Supplementary Material for: CNGA2 Contributes to ATP-Induced Noncapacitative Ca²⁺ Influx in Vascular Endothelial Cells

Background/Aims: ATP can activate several Ca²⁺ influx channels in vascular endothelial cells. For example, it stimulates TRPC channels via capacitative and noncapacitative Ca²⁺ entry (CCE and non-CCE, respectively) mechanisms; it also directly acts on P2X purinoceptors, resulting in Ca²⁺ influx. In the present study, we tested the hypothesis that cyclic nucleotide-gated (CNG) channels also contribute to ATP-induced non-CCE. Methods: Two selective inhibitors of CNG channels, L-cis-diltiazem and LY-83583, and CNGA2-specific siRNA were used to study the involvement of CNGA2 in ATP-induced non-CCE in endothelial cells. Ca²⁺ influx was studied using Ca²⁺-sensitive fluorescence dyes Fluo-3 and Fluo-4. Results/Conclusion:L-cis-diltiazem and LY-83583 markedly reduced ATP-induced non-CCE in 3 types of endothelial cells including the H5V endothelial cell line, the primary cultured bovine aortic endothelial cells and the endothelial cells within isolated mouse aortic strips.
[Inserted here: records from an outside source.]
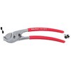 切断時にケーブルが滑らないように、鎌の形をした刃先になっています。開口用バネ及びロック機構付き。170mmタイプはΦ12mm(40平方ミリメートルまで)、230mmタイプはΦ18mm(60平方ミリメートル)までの銅、アルミケーブルに使用できます。スチールケーブルやワイヤーには適しません。
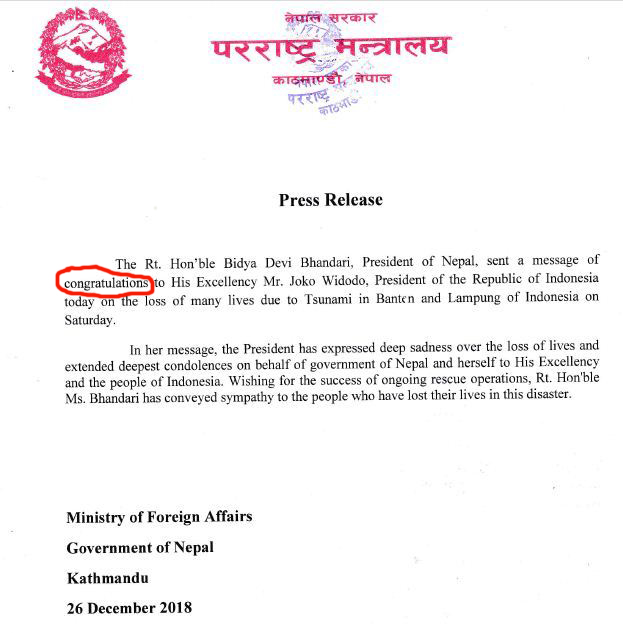 गल्ति भएको विषयमा यतिखेर सामाजिक संजालमा चर्को आलोचना भएको छ । परराष्ट्र मन्त्रालयले जारी गरेको उक्त विज्ञप्तिमा गम्भीर त्रुटि फेला परेको हो । अंग्रेजी भाषामा पठाइएको विज्ञप्तिमा सुनामीका कारण धनजनको क्षति भएकोमा इण्डोनेसियाका राष्ट्रपति जोको विडोडोलाइ बधाई भनेर लेखिएको छ ।
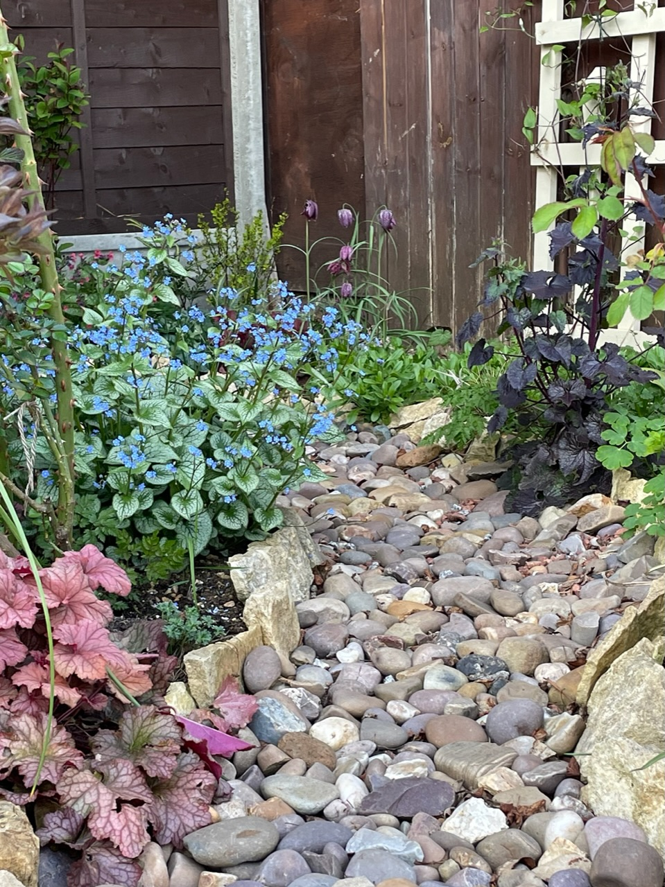 I’ve made this path in order to have better access to the plants growing in the border. On the left there’s a sitting area with a clematis growing on the side of it and a large yew tree. The path ends with the yew tree which is a focal point in itself. However. I find my eye being drawn to this empty corner between the shed and the fence. There’s a small columnar berberis growing there, but it’s very slow to develop (no wonder, it’s a very dry patch). Any ideas about how I could improve this?

The CNGA2-specific siRNA also reduced the ATP-induced non-CCE in H5V endothelial cells. The Ca²⁺ influx was inhibited by Rp-8-CPT-cAMPS, MDL-12330A, SQ-22536 and MRS-2179, but not by ODQ or NF-157. Taken together, the present study demonstrated that CNGA2 channels contribute to ATP-induced non-CCE in vascular endothelial cells. It is likely that ATP acts through P2Y₁ receptors and adenylyl cyclases to stimulate CNGA2.